Видимо, нелегко далось это интервью Севе, не любившему всуе трепаться и откровенничать. Подвигнуть его на это могло именно чувство обиды, продиктованное проклятым вопросом, так и не получившим ответа за сорок лет их раздельной жизни: “Почему?" Ответы на этот и другие вопросы иногда находятся в дневниках. Ну, если не ответы, то хотя бы какие-то пояснения. Но теперь эти ответы-пояснения запоздали — Сева их никогда не прочтет.

Из дневника (1980 год):

На дачу с барахлом. Там Сева, жутко смутился, так и не вышел, по-моему, из нервного состояния. Довезла его в Москву, очень мило поговорили. Дурачок он, что устроил такую жизнь в угоду жене. Чувствуется, что он жалеет об отсутствии общения. Мама его говорит, что жена боится, что мы снова сойдемся. Большего идиотизма нельзя вообразить.

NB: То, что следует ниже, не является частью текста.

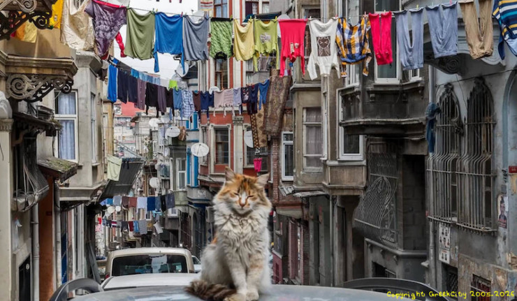 Tandis que Séféris cherchait un moyen pour se rendre à son ambassade, Kavvadías en connaisseur des lieux lui proposa de lui servir de guide. N'ayant guère d'autre choix et ne trouvant aucune excuse, Séféris accepta. Au cours d'un trajet en voiture, les deux hommes traversèrent un quartier à forte présence grecque. Aux balcons flottaient des drapeaux helléniques, des pots de basilic ornaient les murs et l'on entendait des chants populaires grecs, du rebétiko.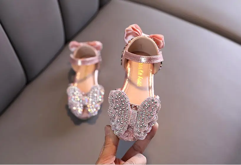 Сандалии со стразами для девочек, Новинка лета 2021, модные сандалии принцессы для маленьких больших девочек, детские сандалии с бантом, детская обувь для шоу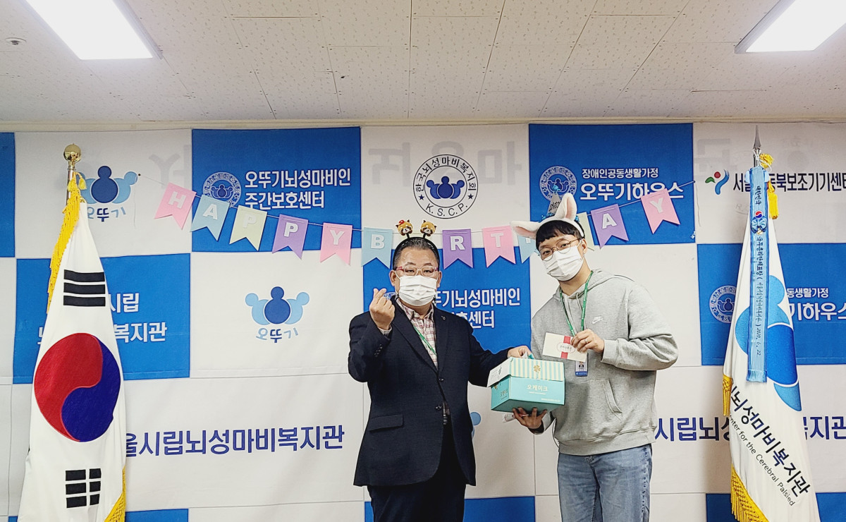 우리 복지관 2층 회의실에 몇몇 사람들이 모여 가족지원팀 정의현 주임의 생일파티를 하였습니다.
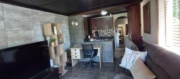 The allure extends outdoors to a private swimming pool, offering a refreshing oasis for relaxation and leisure during warmer South African days. The expansive erf provides abundant potential for bespoke landscaping or further outdoor enhancements. Practicality is assured with a single garage, while the pet-friendly environment welcomes beloved companions.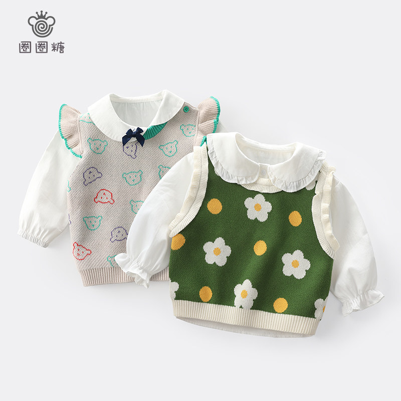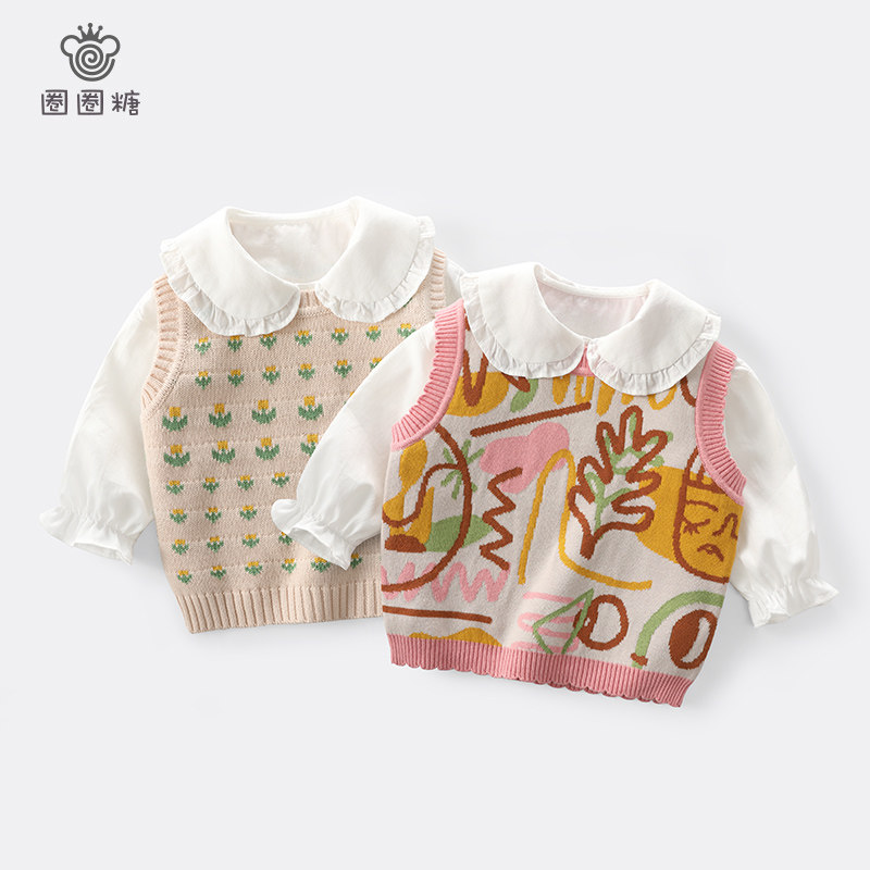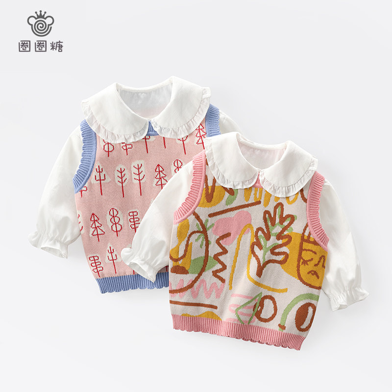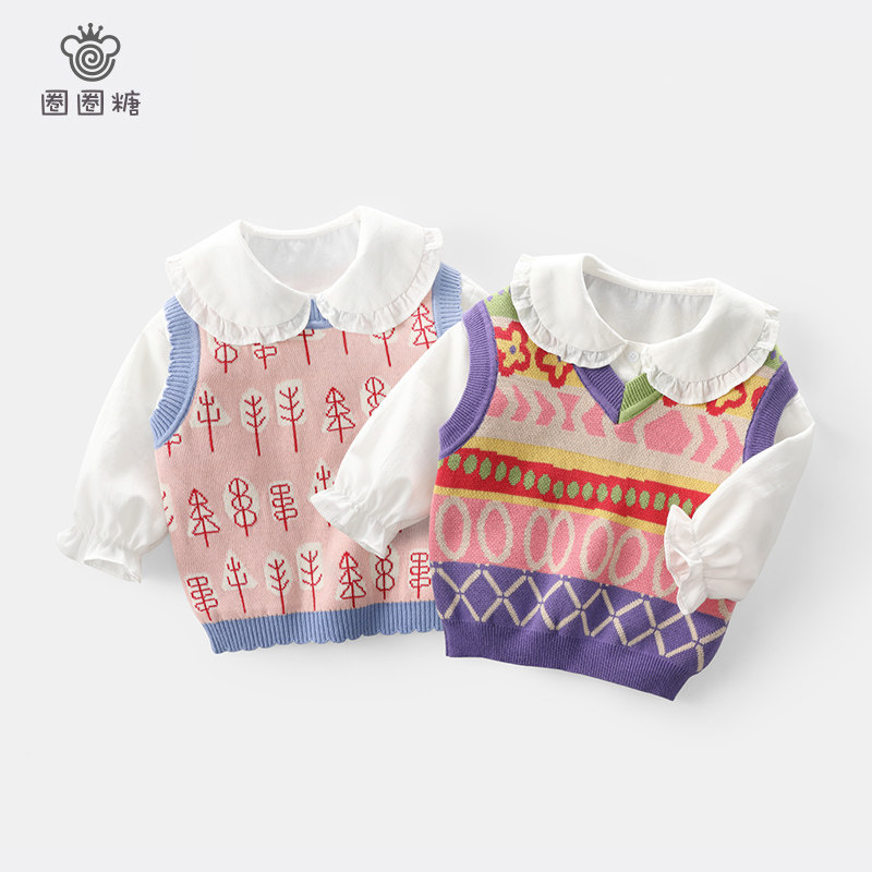 Circle Circle Sugar Girl Knit Vest Children Waistcoat Vest Sweater New Foreign Pie Trendy Net Red Waistcoat shoulder sleeve head

Безответные вопросы эти неожиданно, как-то исподтишка догнали и меня, обрушившись на мою голову злыми страницами ее дневника, из которых проступает то самое: “Я тебя ненавижу!" Публикую эти записи со страхом, но понимаю, что хоть это обо мне, но не про меня, это — ПРО НЕЕ, максимально освобожденную от самозащиты.

Итак:

Мне кажется, что все видят меня — слабую, и только делают вид, что верят в мою силу. В дополнение ко всему моему ничтожеству, как я смела, не говорю “могла", а именно смела принять ничтожество за некое подобие опоры, пусть шаткой, в этой жизни. Казнь, пытка душевная именно из-за этого. Можно было давно понять (и понято) и давно всё разрубить. Но почему же, если честно, почему я этого не сделала? Надежда? Слабость? Влюбленность? Возможно. Но рядом ведь всё время жуткая неистребимая ненависть, злоба, Господи, прости меня, но я хочу зла этому человеку.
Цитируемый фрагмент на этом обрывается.